A container with a regulated temperature has the sole charge is to make sure that the entire viscosity measurement experiment stays at an accurate temperature usually at 40o C or 100o C and is regulated within 0.02 degrees C. Handling the container to this degree can be demanding, therefore a more developed viscometer comprises the temperature-controlled bath system as part of the unit.

Viscometer Glass

Capillary viscometers not only be influenced by temperature for accurateness but also by the exact internal diameter within the tube. For the same, these glass tubes are shaped with a completely galvanized, low-expansion borosilicate glass and frequently come with the tube’s related viscometer constant as the correction feature. Recalibrating the viscometer’s constant on a yearly basis and in accord with the temperature at which it will be operated is normal practice to make sure as little error as possible.

Viscometer Size

Viscometers differ in size due to the extensive diversity of viscosities that may be assessed. It is suggested that a viscometer takes a minimum of 200 seconds for the test liquid to pass from one distinct point to the other in order to prevent human error.

Rinsing Between Measurements

One more vital viscometer test factor is the quality of the rinse inside the tube amongst measurements. Usually, rinsing, cleaning, and drying stages are accomplished with the help of a wide range of residue-free solvents. In labs, where samples are run uninterruptedly on high-volume viscometers, incorporated cleaning systems make sure cleanliness efficacy. However, a visual check is yet essential to ascertain if a second rinse cycle is required, particularly for used oils.

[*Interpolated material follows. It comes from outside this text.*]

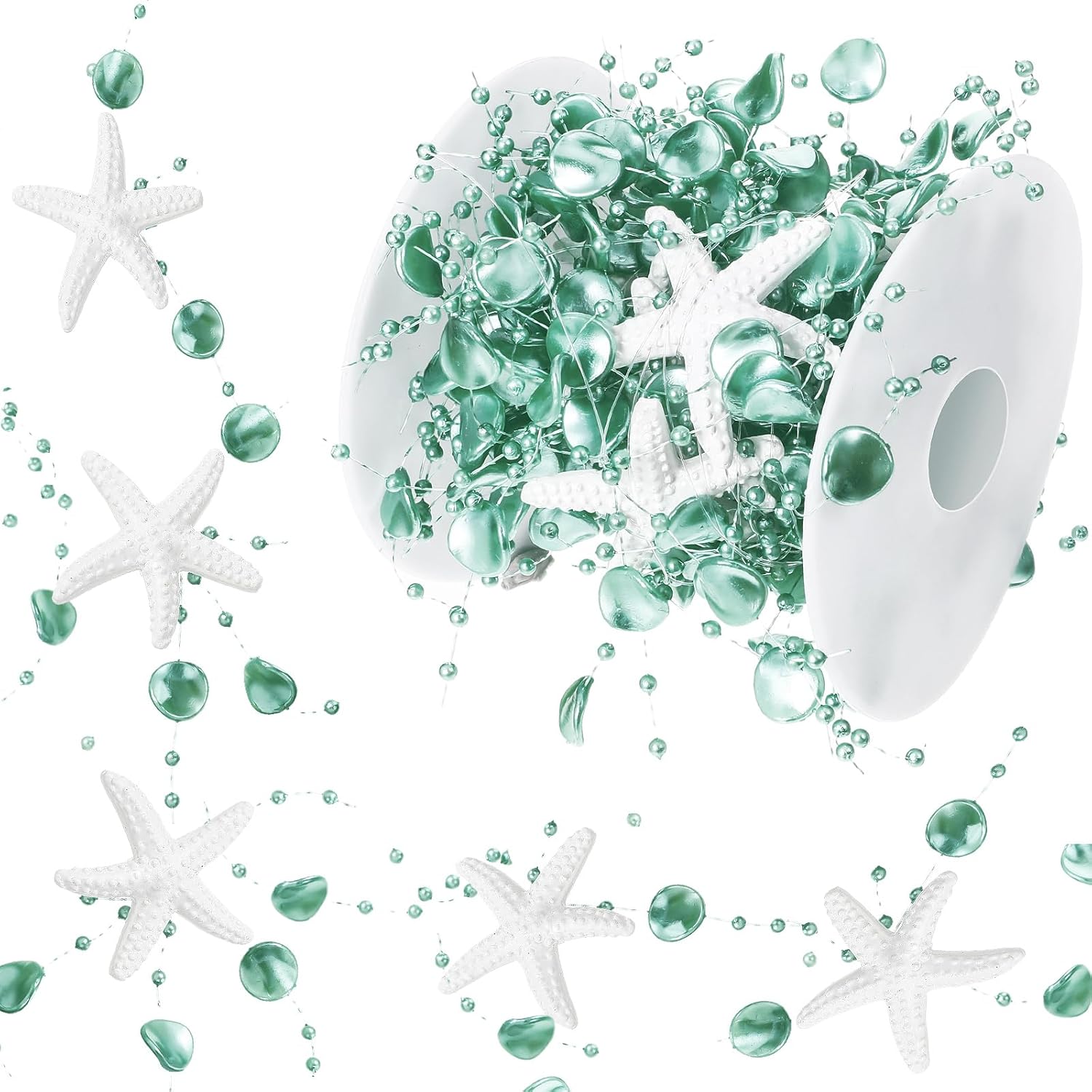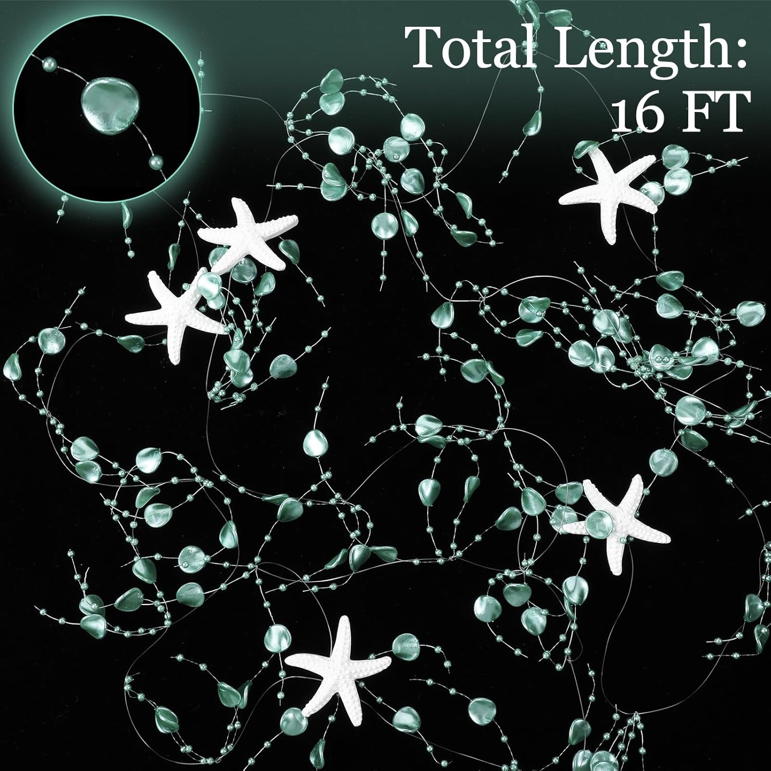 16 ft Christmas Ocean Themed Garland Ocean Beaded Starfish Shell Garland Christmas Coastal Beaded Garland Decor Beach Garland for Christmas Tree Fireplace Wedding Home Decor Supply (Green)

Other significant factors that can impact viscosity measurements include the appropriate sample handling, timing device’s technique, precision, and in-depth and constant quality regulator.

After all, with viscosity being the most significant physical property of base oil, the attempts to achieve viscosity measurements through cautious approaches and rigorous standards can compare to more consistent machinery lubrication and ultimately to longer-lasting machinery.

Conclusion

This guide helps you to understand what is viscosity, units of viscosity, and in detail about viscometer, its types, and factors that can affect viscosity measurement.